Transcribe the listing below exactly, without pictures.

** GIVEN MATERIAL **
>>>>

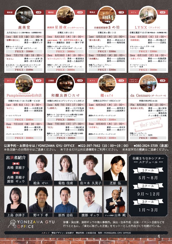 初めまして。私達は、仙台で演劇や朗読の企画を行っている、YONEZAWA GYU OFFICEという事務所です。
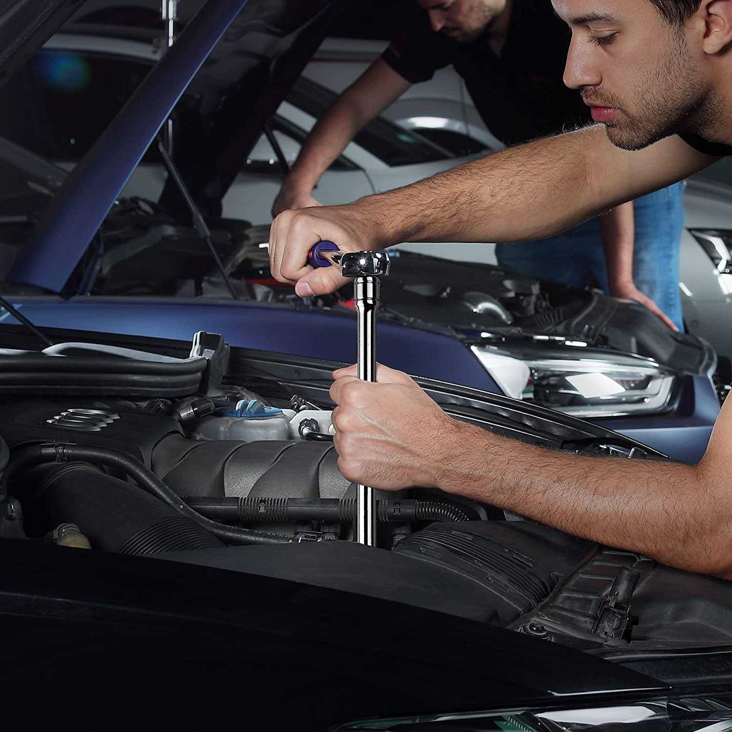 - 【SPECIFICATIONS】360 degree swivel 5/8″ socket with 6-Point, Cr-V steel, magnetic core. Total Length: 11 inch, Drive Tang: 3/8 inch.
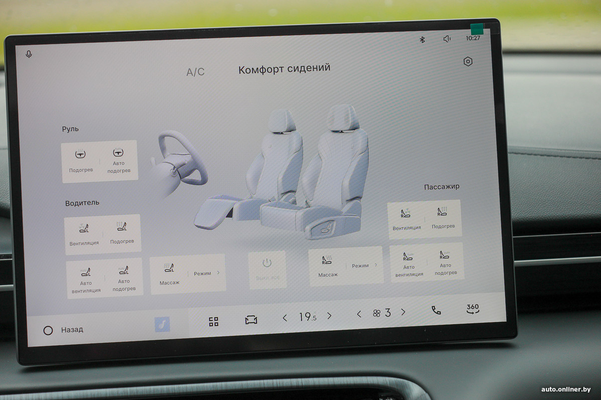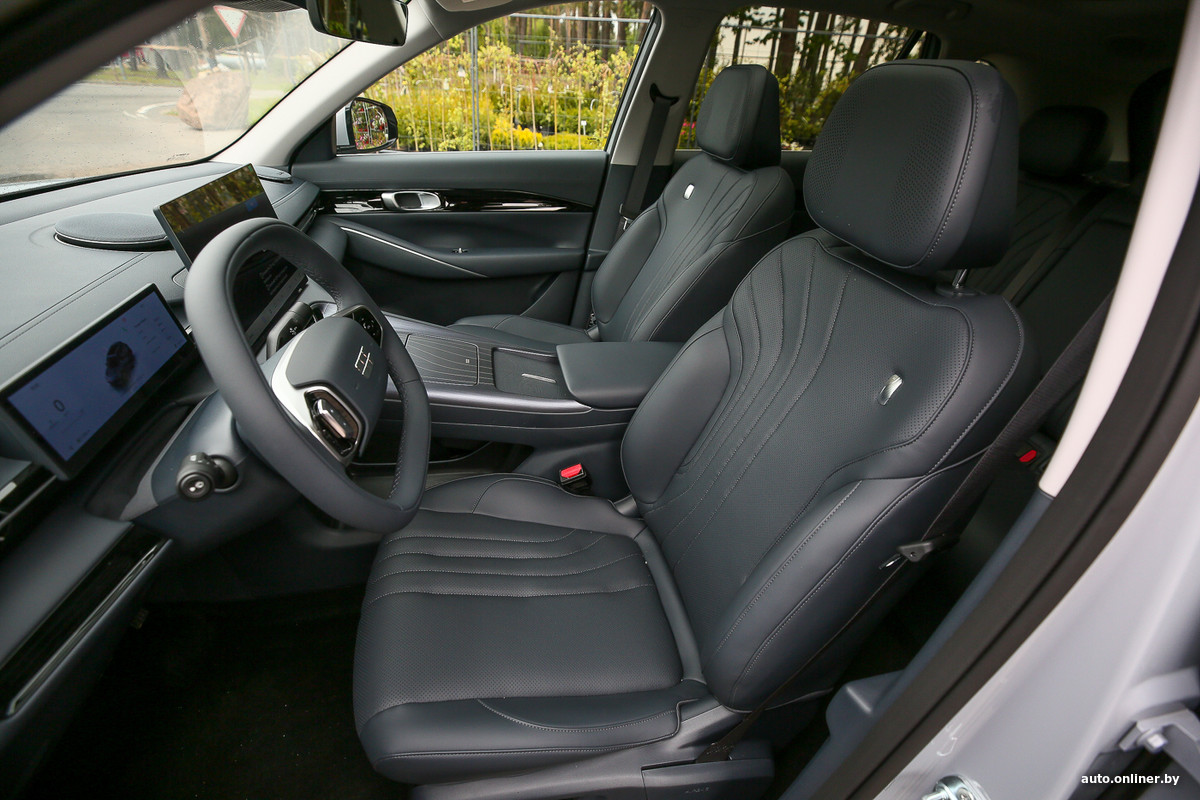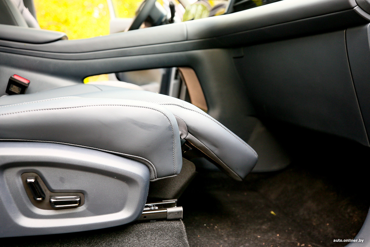 Передние кресла выглядят солидно и помимо подогрева могут похвастать не только вентиляцией, но и массажем с несколькими режимами работы. Пассажирское кресло к тому же имеет оттоманку. Эх, водительскому бы еще добавить регулируемую длину подушки, как у Atlas, но обошлось без нее. Угол подушки слегка меняется в ходе настройки по высоте, однако подобрать оптимальную посадку в целом просто, тем более что рулевая колонка двигается и по высоте, и по вылету, причем в широких диапазонах.
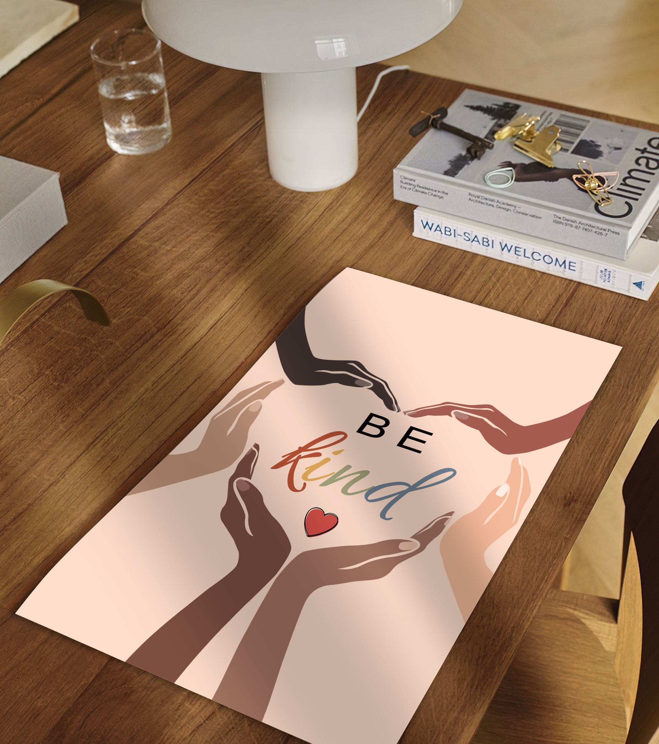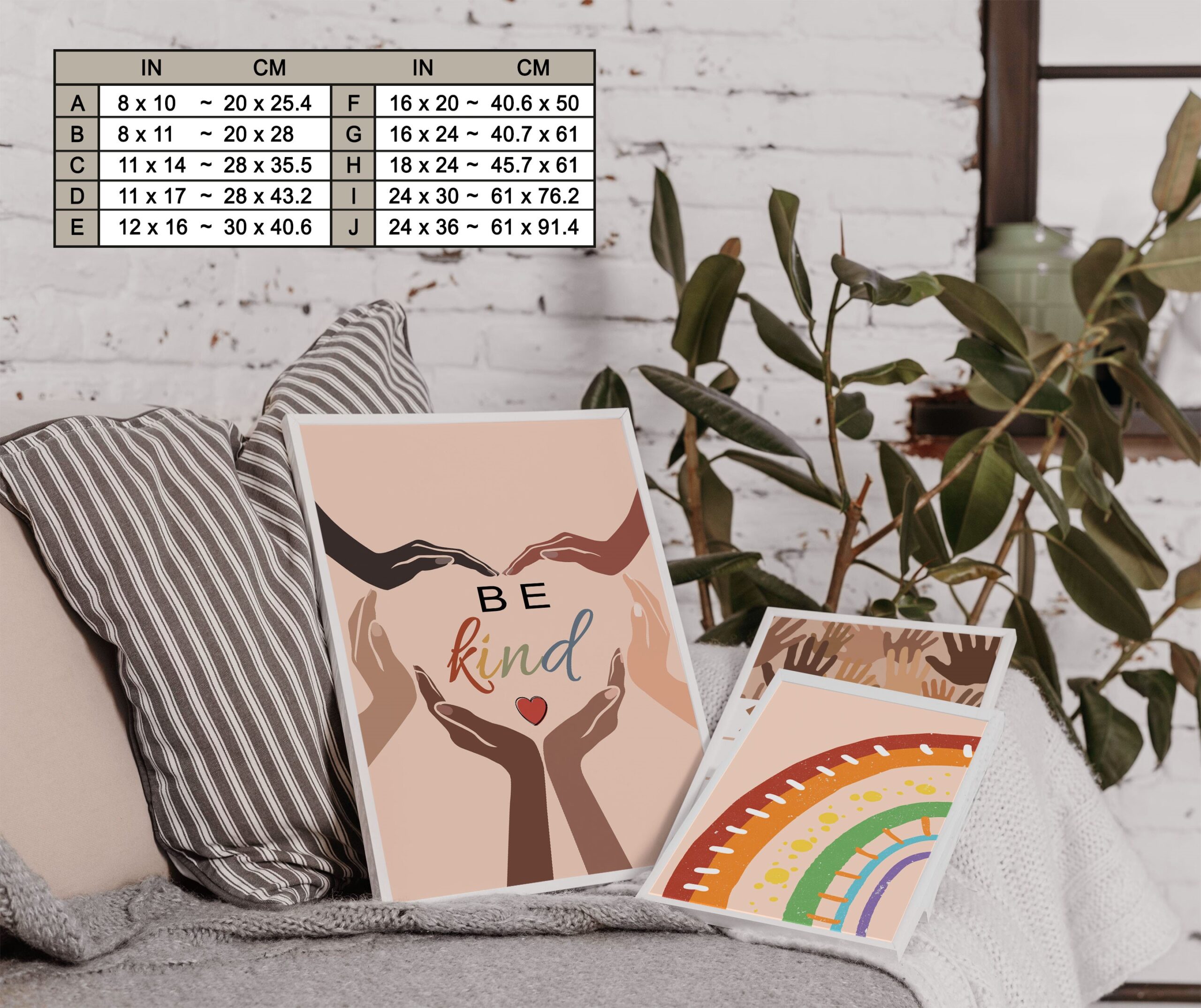 Spread love and unity with this beautifully designed diversity poster. Featuring hands of various skin tones forming a heart around the words Be Kind, this artwork is a powerful reminder of acceptance, equity, and inclusion. The gentle, boho-inspired color palette makes it a perfect addition to any space promoting compassion and respect.

<<<<

** YOUR SOLUTION **
 初めまして。私達は、仙台で演劇や朗読の企画を行っている、YONEZAWA GYU OFFICEという事務所です。
 - 【SPECIFICATIONS】360 degree swivel 5/8″ socket with 6-Point, Cr-V steel, magnetic core. Total Length: 11 inch, Drive Tang: 3/8 inch.
 Передние кресла выглядят солидно и помимо подогрева могут похвастать не только вентиляцией, но и массажем с несколькими режимами работы. Пассажирское кресло к тому же имеет оттоманку. Эх, водительскому бы еще добавить регулируемую длину подушки, как у Atlas, но обошлось без нее. Угол подушки слегка меняется в ходе настройки по высоте, однако подобрать оптимальную посадку в целом просто, тем более что рулевая колонка двигается и по высоте, и по вылету, причем в широких диапазонах.
 Spread love and unity with this beautifully designed diversity poster. Featuring hands of various skin tones forming a heart around the words Be Kind, this artwork is a powerful reminder of acceptance, equity, and inclusion. The gentle, boho-inspired color palette makes it a perfect addition to any space promoting compassion and respect.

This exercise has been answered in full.